The Toyota GR GT is being billed as a street-legal version of the GR GT3 race car, and in a shocking number of ways it truly is.
At Fuji Speedway on Friday The Drive was given access and time to compare the new Toyota GR GT and GR GT3 side-by-side. The design similarities are surprisingly numerous.
That jibes with the fact that GR GT Project Manager Takashi Doi told media on Thursday that the road car and the GT3 race car started at the same time, and development has been concurrent. But the GR GT3 is based on the GR GT street car, which meant the team had to figure out how they could share and fully utilize as many common parts as possible, according to Doi.
The aluminum chassis is shared between the cars. So is the design itself.
The body panels all share their basic designs right down to most of the aerodynamic elements.




The front grille shapes are the same, though the race car has a bit more open, mesh-filled grille section than the street car. The hoods are a little different with a massive air extraction point in the front of the race car hood to let heat out of the radiators. The street car features a mail-slot intake to let air under the hood and extraction over the hot V turbo setup.






The GR GT3’s front fenders feature louvers that let air out of the fender well, which today’s street car lacks. A large air extraction point sits behind the front wheel of both cars with the race car featuring side-exit exhaust mounted just below this extraction point in the side sill. Sadly, the street car does not have side-exit exhaust.
Both cars have similar shoulder lines down the sides of the doors to channel air into rear fender-mounted intakes to cool the rear ends. For the street car this air cools the transaxle while in the race car it cools the transmission, which Toyota hasn’t detailed yet.

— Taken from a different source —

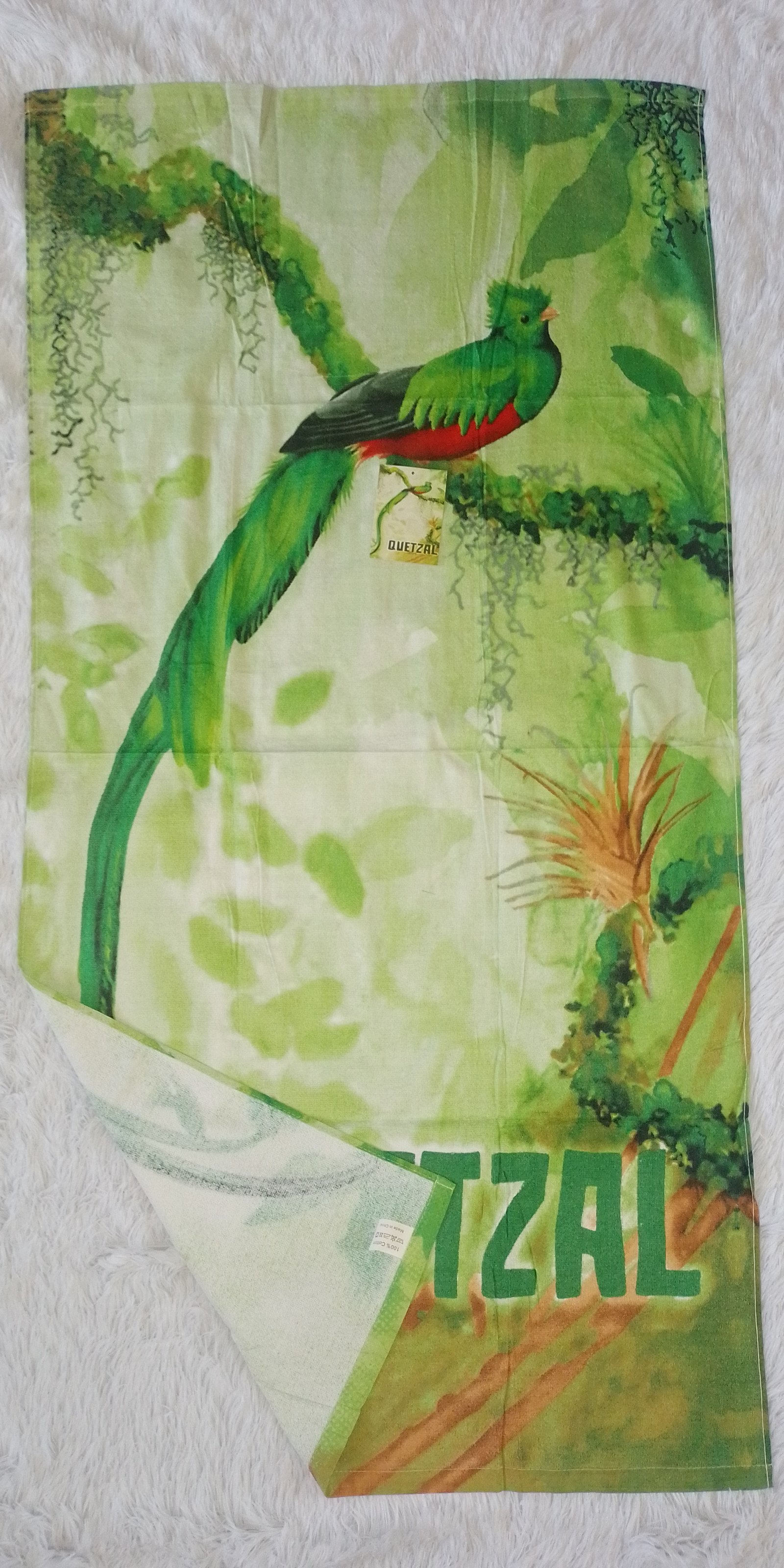 Toalla de algodón con figura del Quetzal de Guatemala Medidas de 140cm de largo y 70cm de ancho

The rear deck features similar ducktail spoilers, but the GT3 race car features an additional large spoiler mounted on stanchions that are bolted to the chassis.
The rear bumper shapes are similar and even the lower rear diffusers share curvature lines, though the street car has a quad exhaust setup poking through the rear end.
The shapes, body panels, and even aerodynamics are incredibly similar between the two with both cars sitting shockingly low. How much of the GT3 race car’s extra aero and design makes its way to a hotter GR GT at some point in the future is yet to be seen, but the groundwork’s being laid and honed on the track.
Toyota provided travel, lodging, and raw fish which I definitely did not eat to bring you this first-hand report.